Customers typically visit a repertoire of outlets, and
they spread their transactions across these outlets. Retailers therefore get only a proportion
of their spend. Behavioural loyalty tells us what that proportion is. It is defined as the
retailer’s share of category sales among its customers, and it may be measured in terms of
volume or value.
Take for example the consumer panel data on the FMCG fabric wash category depicted
in Exhibit 31.4. The total market size is $1 billion. Shoppers that shop at a particular retail
chain spend a total of $300 million across all outlets where they shop. Of this amount they spend
$120 million at the retail chain. Their behavioural loyalty to the chain is therefore 40%
(= $120M/$300M).
The retailer can theoretically grow category sales by improving chain loyalty. In
this example, sales could increase to a maximum value of $300 million if loyalty rose to 100%.
The retailer could also grow category sales by attracting more shoppers to shop at
its stores (i.e., increasing store traffic), or by increasing the amount they spend on the category.
This leads to the concept of retailer propensity which is the proportion of total
category sales coming from the retail chain’s shoppers. In the above example the retailer’s
propensity for fabric wash is 30% (= $300M/$1000M).

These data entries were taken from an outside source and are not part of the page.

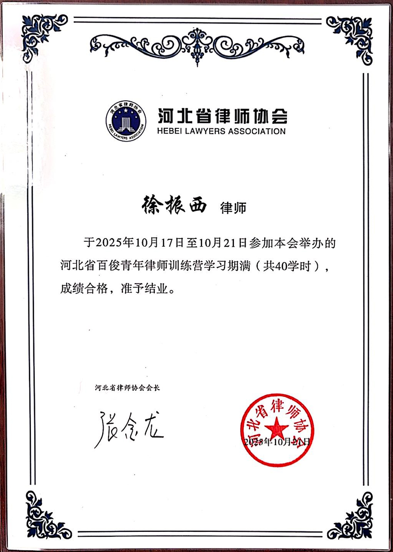 10月17日至10月21日,河北省“青马工程”青年法律工作者培训班暨“百俊”青年律师训练营第八期在邯郸圆满举办。此次培训班由共青团河北省委员会、河北省律师协会联合主办,河北省青年法律工作者协会、河北省律师协会青年律师工作委员会、河北司法警官职业学院、共青团邯郸市委员会、邯郸市律师协会共同承办。培训旨在全面提升青年律师的政治思想、执业素养和业务水平等综合素质,引导广大青年律师努力成为党和人民满意的好律师。来自全省的90余名青年律师,以及来自重庆、内蒙古的青年律师代表参与了此次活动。我所徐振西律师参加此次培训班并顺利结业。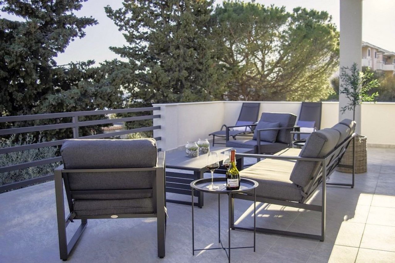 От дневната има директен достъп до изключително голяма тераса с изглед към залива на Рогозница. Терасата е разделена на покрита площ от 12 м² и открита площ от 36 м², което позволява гъвкаво използване през целия ден. Общата използваема площ на апартамента достига 74 м² и създава идеално пространство за релакс, хранене и вечерно сядане с гледка към морето.
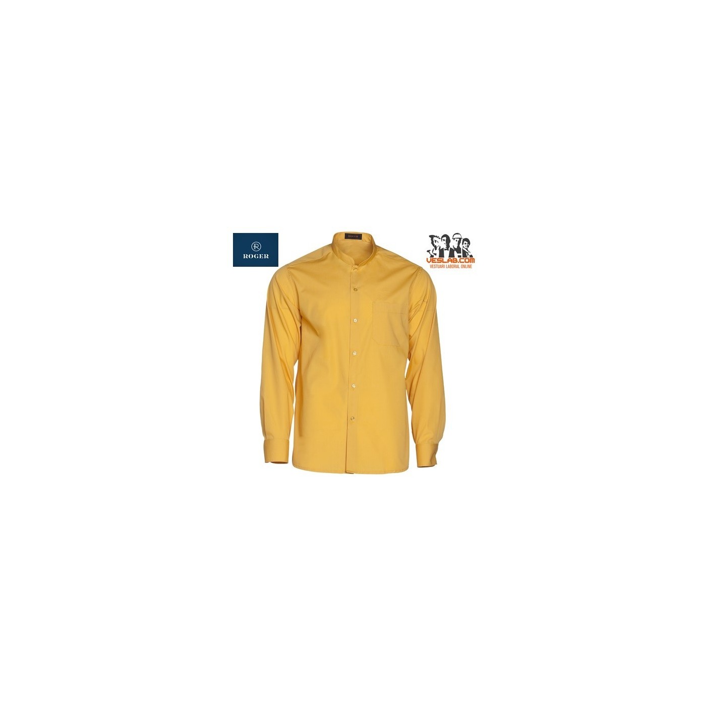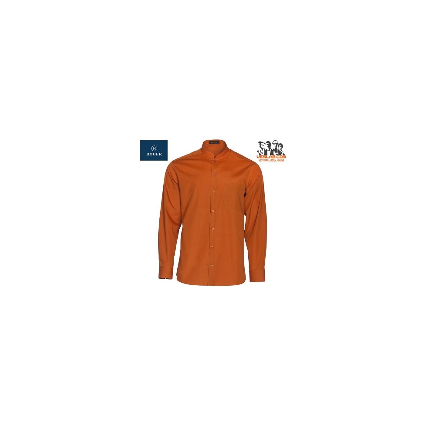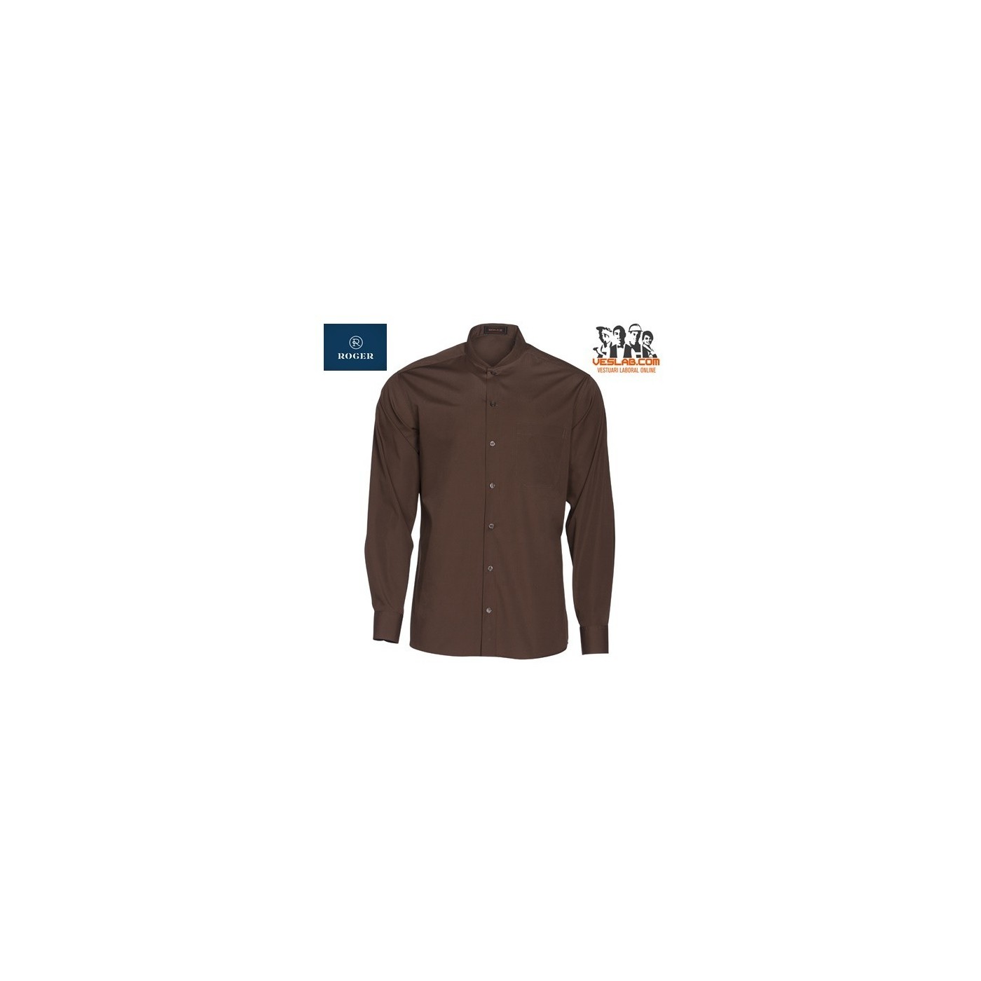 Waiter shirt avec le cou de mao hommes. Manche longue. Poche poitrine et plis sur les manches . 65 % polyester et 35 % coton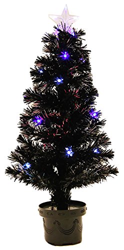 WeRChristmas 3 ft Black Pre-Lit Multi-Colour Fibre Optic Christmas Tree with Blue/ White LED and Star Topper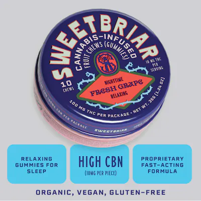 CBG: 0.05mg/g | CBN: 3.26mg/g | THC: 107.35mg/g | THC9: 3.07mg/g -- Unwind the right way with SWEETBRIAR Nighttime Fresh Grape chews — a smooth, juicy grape flavor crafted for evening relaxation and restful vibes. Designed for after-hours use, these fast-acting gummies help ease the mind and body so you can settle in and recharge. Each container includes 100mg THC and 100mg CBN, evenly dosed at 10mg THC + 10mg CBN per piece. This balanced 1:1 blend pairs THC’s calming effects with CBN’s reputation for promoting relaxation, making it a great option for customers looking to wind down at the end of the day.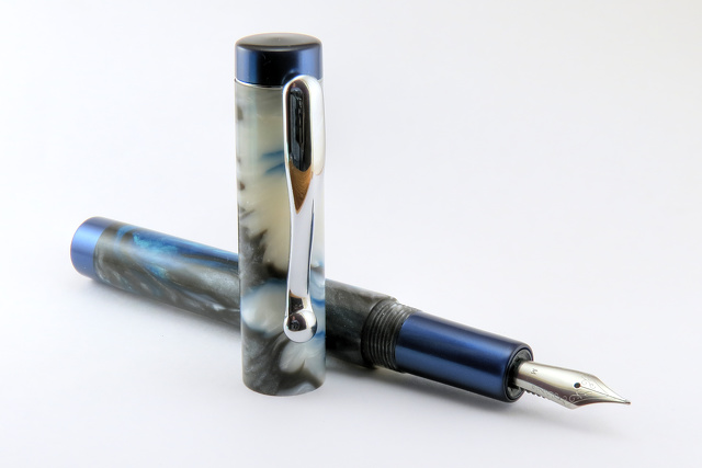 The long, straight sides of this fountain pen are the perfect canvas for the swirly depths of this colorful resin. The royal blue metallic finials and grip are the perfect complement to the swirling black, blue, & white of the barrels.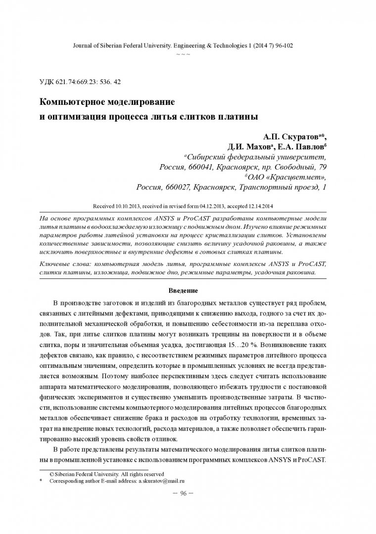 Библиографическое описание: Скуратов, А. П. Компьютерное моделирование и оптимизация процесса литья слитков платины = Computer Simulation and Optimization Casting Process Ingot Platinum / А. П. Скуратов, Д. И. Махов, Е. А. Павлов. - Текст : непосредственный // Журнал Сибирского федерального университета. Техника и технологии. - 2014. - Т. 7, № 1. - С. 96-102 : рис., формулы. - Библиогр.: с. 102. - ISSN 1999-494X.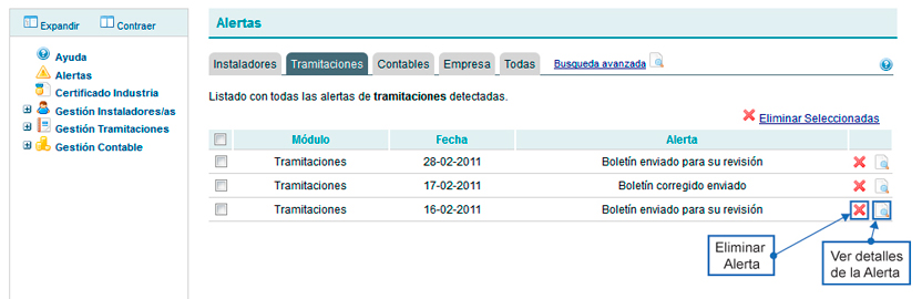 Las Alertas de tramitación, notifican al usuario los eventos que tienen que ver con las tramitaciones realizadas a través del sistema. Estas alertas incluyen: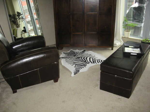 crear una alfombra de piel de imitación cebra utilizando tela y marcador permanente.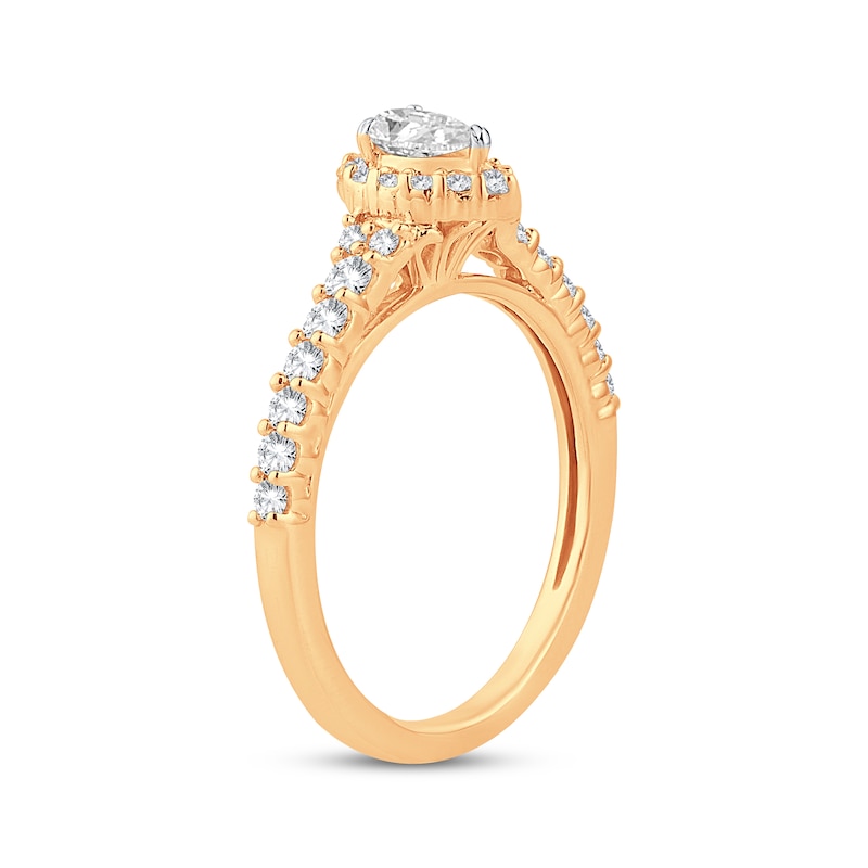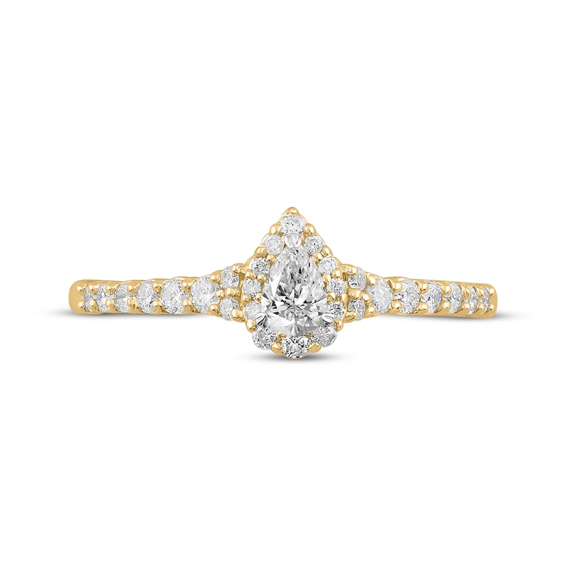 This beautiful engagement ring showcases a stunning pear-shaped diamond haloed by brilliant round diamonds. More round-cut diamonds sparkle down the sides of the band for a total diamond weight of 1/2 carat. The ring is set in timeless 14K yellow gold. From the Now & Forever® bridal collection.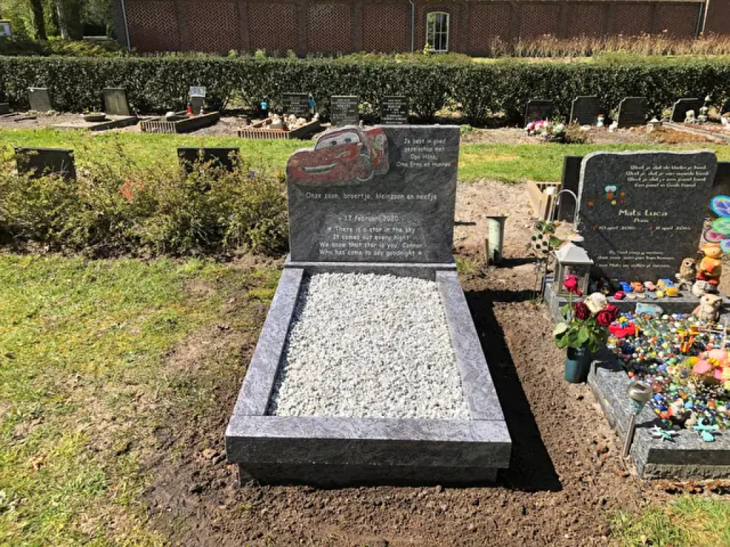 De grafsteen kan worden uitgevoerd in verschillende natuursteensoorten en kleuren, waarbij de Cars-afbeelding zorgvuldig wordt aangebracht als gravure of in kleur. Dit maakt het monument uniek en afgestemd op uw wensen.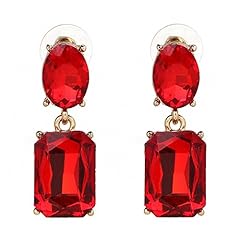 Yazilind Schmuck versilbert Rechteck rot Voll Zirkonia CZ Flawless lange baumeln Ohrringe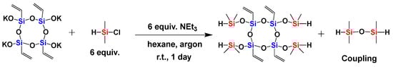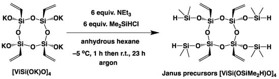 The Janus precursor [ViSi(OSiMe2H)O]4 was prepared by the condensation of vinyl-functionalized potassium cyclotetrasiloxane silanolate all-cis-[ViSi(OK)O]4 with chlorodimethylsilane (Me2SiHCl) according to our previous report [], as shown in Scheme 4. The reaction was conducted under argon atmosphere at low temperature (–5 °C) with the slow addition of Me2SiHCl in the presence of triethylamine (NEt3) to avoid side reactions such as acid-catalyzed isomerization and polymerization. These reaction conditions provided a 90% yield of the pure product ([ViSi(OSiMe2H)O]4), which was confirmed by Fourier transform infrared spectroscopy (FTIR) and nuclear magnetic resonance (NMR) spectroscopy (Supplementary Materials, Figures S1–S51).

It follows from the stated definitions that a chain’s share of trade in a category
is the propensity of shoppers to shop at the chain for that category multiplied by the behavioural
loyalty of the chain’s shoppers.
$$ Market \, Share = Propensity \times Loyalty$$
Due to variations in the consumption habits of their shoppers, retailers can have
relatively high propensity for some categories, and low for others. For instance, if the chain’s
shopper’s demographic profile is skewed towards families with babies, then its propensity for
categories like infant milk and diapers is likely to be high.
Note: As mentioned earlier loyalty and propensity cannot
be computed with data that is confined to the retailer’s own transactions, as is the case with
loyalty panel data. Both these measures require an assessment of customers’ transactions across
the entire market.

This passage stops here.